Files with HIGH or ERROR-severity issues get a targeted fix pass, only for issues classified as safely auto-fixable. Fixes are verified before they ever touch disk: a syntax check and a truncation guard both have to pass, or the original file is left untouched.

Why Order Matters

Planning doesn't just list what needs converting. It topologically sorts every object into dependency levels, following a fixed precedence: views → functions → procedures → triggers. A procedure that selects from a view needs the view's converted PySpark signature to exist before it can be correctly converted or validated, so the pipeline never converts a consumer before what it depends on. The same principle carries through to conversion: groups are processed in dependency tiers (utilities, then standalone objects, then the main pipeline), and a signature registry is snapshotted after each tier so every later file sees the real signatures of what it calls, not a guess.

1

Views

No dependencies, converted first

2

Functions

Depend only on views, if at all

3

Procedures

May call views and functions

4

Triggers

Converted last, everything else is known

Whenever a plan or the initial discovery pass can't be fully validated, the pipeline degrades gracefully instead of failing outright: salvaging every object that does parse correctly, or falling back to a simple sequential plan, so one bad object never takes down the whole file.

Running the Pipeline

By default, 3xcode pyspark convert runs all five phases. Several flags let you run just part of the pipeline, useful for a quick look at what would be converted, or for skipping a phase you don't need on a given run.

terminal
# Analysis only: discovery + planning, no code generated
3xcode pyspark analyze legacy_proc.sql

# Same effect via the convert command
3xcode pyspark convert legacy_proc.sql --dry-run

# Convert but skip phase 4 (validation)
3xcode pyspark convert legacy_proc.sql --skip-validation

# Convert but skip phase 5 (auto-fix)
3xcode pyspark convert legacy_proc.sql --skip-audit

# Run only specific phases
3xcode pyspark convert legacy_proc.sql --phases analyze,convert

Pipeline control flags

FlagDefaultWhat it does
--dry-runfalseRuns discovery + planning only: inspect what would be converted without generating any code.
--skip-validationfalseSkips phase 4 (validation).

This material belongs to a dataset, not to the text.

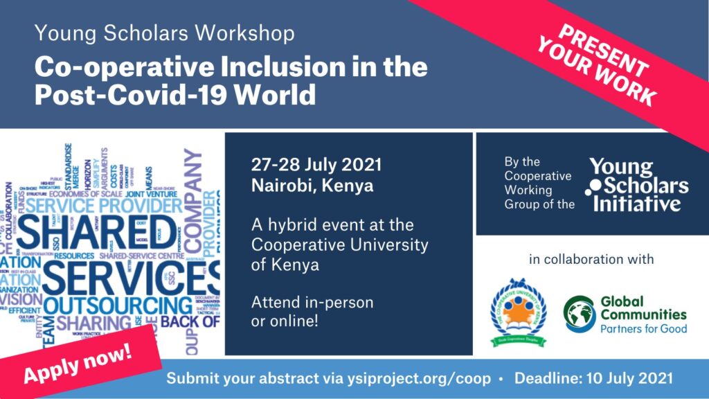 We are now 5 days away from the deadline for the Call for Papers for ‘Co-operative Inclusion; Post-Covid-19 World’, a workshop organized by the Young Scholars Initiative Cooperative Working Group of the Institute of New Economic Thinking in collaboration with Global Communities – USAID CLEAR program and the Co-operative University of Kenya. Visit ysiproject.org/coop to submit your abstracts.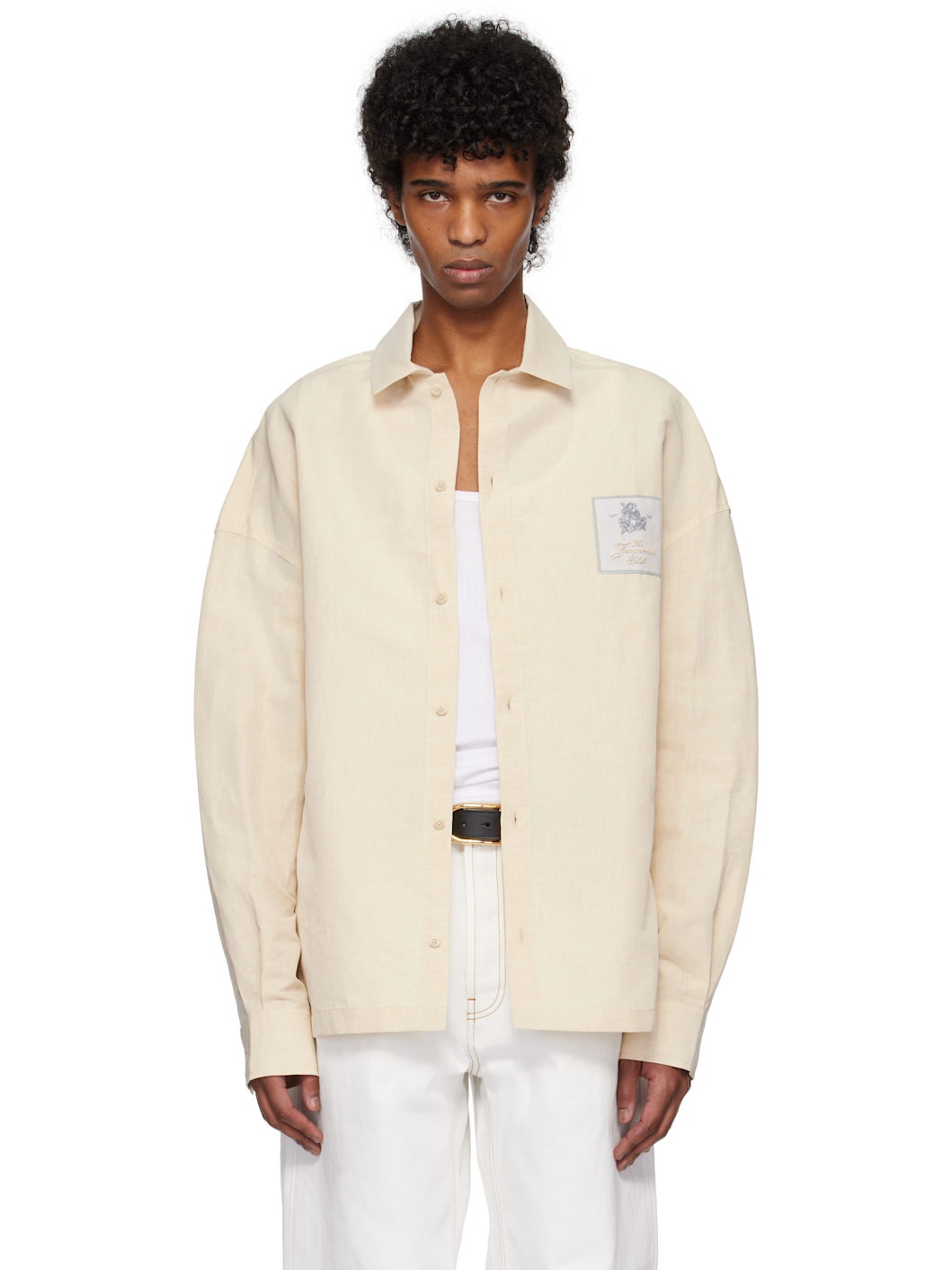 Plain-woven cotton- and linen-blend shirt. · Spread collar · Button closure · Logo graphic patch at chest · Vented side seams · Pleated single-button barrel cuffs · Locker loop at back collar · Logo-engraved hardware Supplier color: Halter off-white 55% linen, 45% cotton. Made in Bulgaria 251553M192030

The file is still converted, just not reviewed.
--skip-auditfalseSkips phase 5 (auto-fix). Issues found in validation are reported but not auto-repaired.
--phasesnone (all phases run)Comma-separated list restricting the run to specific phases: `analyze,convert,validate,audit`.

Safety & Grading

Auto-fix never overwrites a file on a hope. A fix is only written to disk after it passes every guardrail, and if any check fails, the original file is left exactly as it was.

Verify before write

The fixed content must parse as valid Python and must not be more than 50% shorter than the original file. Either failure reverts the fix and leaves the original file untouched. The write to disk only happens after both checks pass.

Per-file confidence grade

Every generated file gets a completion percentage and a confidence percentage, built from syntax validity, correctness review, resolved dependencies, remaining TODOs, and any manual-review patterns like cursors or dynamic SQL. The lower of the two maps to a letter grade from A+ to F.

Issues that validation surfaces are never silently dropped, whether or not auto-fix can touch them. Each one is sorted into an action bucket: auto-fixed, requires manual attention (cursors, dynamic SQL, MERGE logic), needs infrastructure setup (Delta Lake, JDBC, streaming), or recommended for review, so you always know exactly what still needs a human look.